Exercise goal> Only one span of the material below is wanted. Output it exactly, from the line with "КУРЕНИЕ У ПОДРОСТКОВПРИЧИНЫ" through the line with "Kalmary w tempurze, ostre", without any pictures.

Data in this exercise>
━━━━━━━━━━━━━━━━

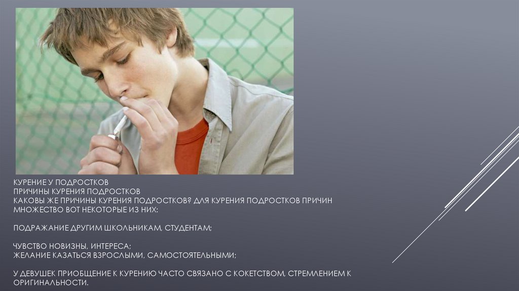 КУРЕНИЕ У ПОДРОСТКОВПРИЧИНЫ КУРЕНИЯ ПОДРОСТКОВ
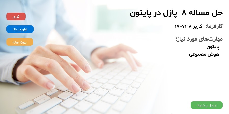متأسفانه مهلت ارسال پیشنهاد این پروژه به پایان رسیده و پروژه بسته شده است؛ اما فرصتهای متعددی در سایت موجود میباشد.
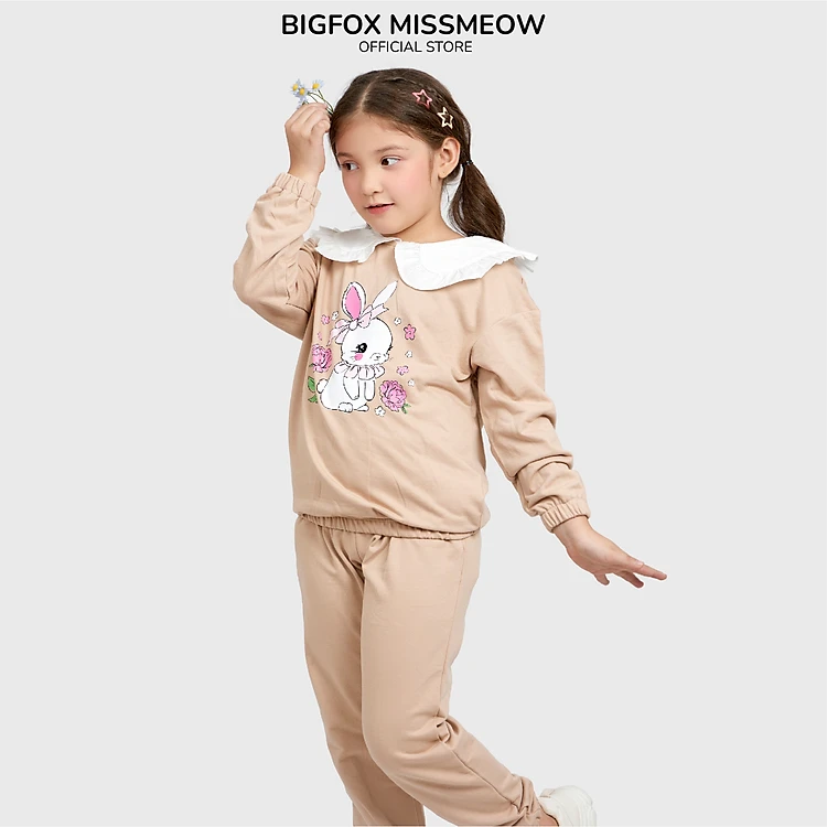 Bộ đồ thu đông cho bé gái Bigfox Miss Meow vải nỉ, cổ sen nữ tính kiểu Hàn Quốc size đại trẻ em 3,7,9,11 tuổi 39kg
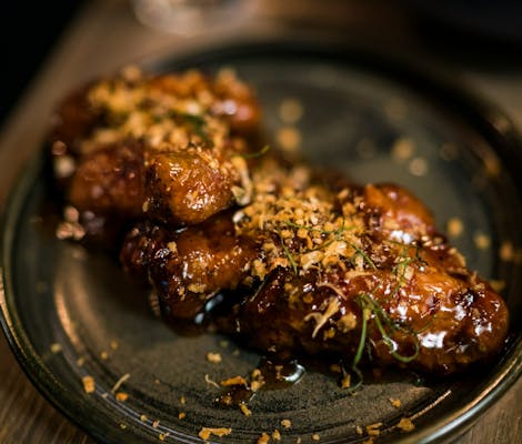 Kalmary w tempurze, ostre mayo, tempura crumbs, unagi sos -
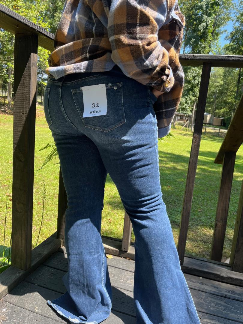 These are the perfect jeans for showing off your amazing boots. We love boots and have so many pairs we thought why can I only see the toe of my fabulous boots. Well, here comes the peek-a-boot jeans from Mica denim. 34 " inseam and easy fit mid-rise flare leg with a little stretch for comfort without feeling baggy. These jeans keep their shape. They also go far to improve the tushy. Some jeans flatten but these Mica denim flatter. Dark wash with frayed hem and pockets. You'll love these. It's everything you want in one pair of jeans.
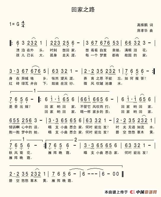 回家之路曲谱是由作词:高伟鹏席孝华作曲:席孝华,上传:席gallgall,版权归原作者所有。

━━━━━━━━━━━━━━━━

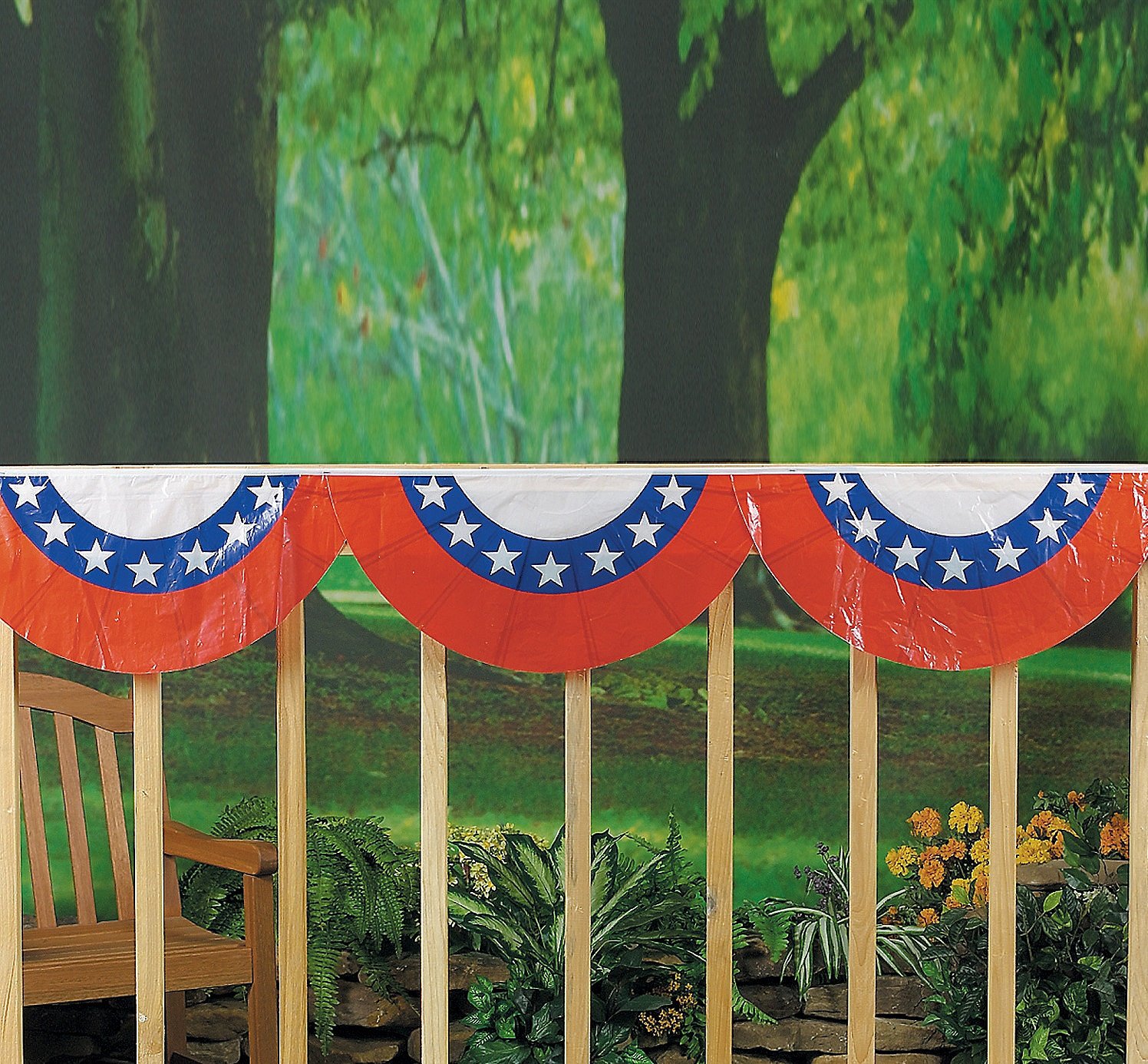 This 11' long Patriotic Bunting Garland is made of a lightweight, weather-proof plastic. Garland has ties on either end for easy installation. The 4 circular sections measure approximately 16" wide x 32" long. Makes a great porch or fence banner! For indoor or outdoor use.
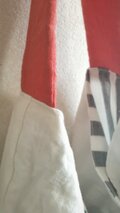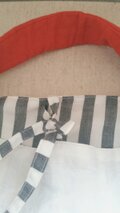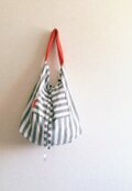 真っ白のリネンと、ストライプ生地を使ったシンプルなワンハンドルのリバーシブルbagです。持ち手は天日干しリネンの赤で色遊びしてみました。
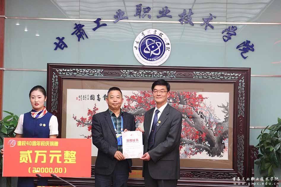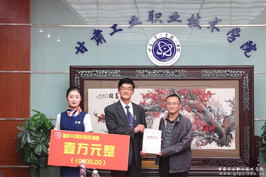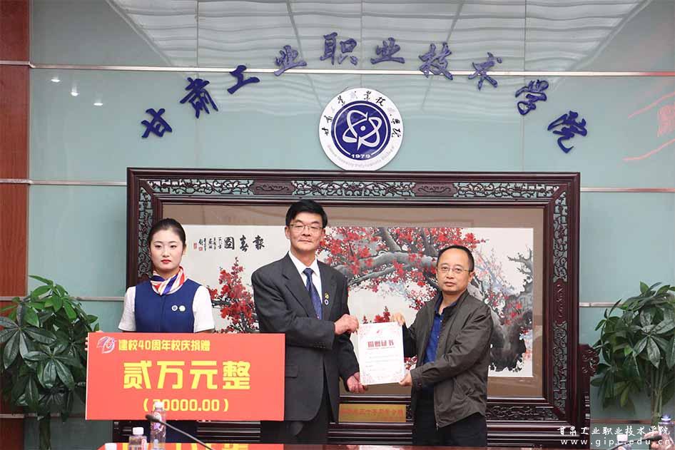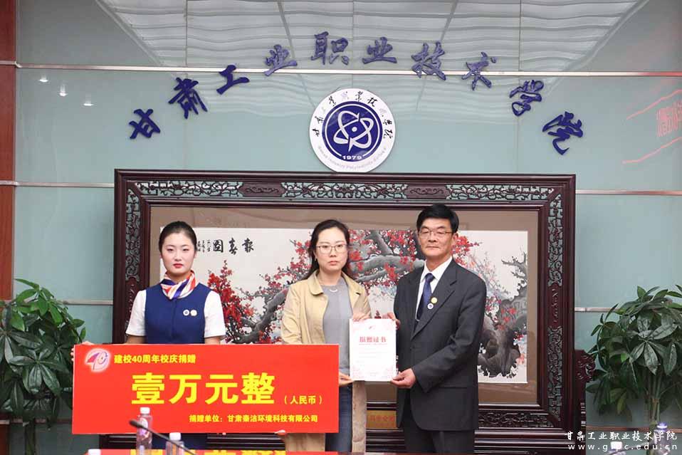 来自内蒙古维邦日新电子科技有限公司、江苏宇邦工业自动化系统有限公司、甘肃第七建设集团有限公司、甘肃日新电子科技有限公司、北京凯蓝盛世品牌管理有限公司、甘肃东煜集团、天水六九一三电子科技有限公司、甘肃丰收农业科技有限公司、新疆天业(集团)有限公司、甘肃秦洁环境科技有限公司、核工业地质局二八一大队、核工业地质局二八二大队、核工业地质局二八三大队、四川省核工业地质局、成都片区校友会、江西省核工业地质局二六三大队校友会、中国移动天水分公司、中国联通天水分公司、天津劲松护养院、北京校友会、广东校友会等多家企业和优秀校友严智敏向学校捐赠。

━━━━━━━━━━━━━━━━

Task answer>
 КУРЕНИЕ У ПОДРОСТКОВПРИЧИНЫ КУРЕНИЯ ПОДРОСТКОВ
متأسفانه مهلت ارسال پیشنهاد این پروژه به پایان رسیده و پروژه بسته شده است؛ اما فرصتهای متعددی در سایت موجود میباشد.
 Bộ đồ thu đông cho bé gái Bigfox Miss Meow vải nỉ, cổ sen nữ tính kiểu Hàn Quốc size đại trẻ em 3,7,9,11 tuổi 39kg
 Kalmary w tempurze, ostre mayo, tempura crumbs, unagi sos -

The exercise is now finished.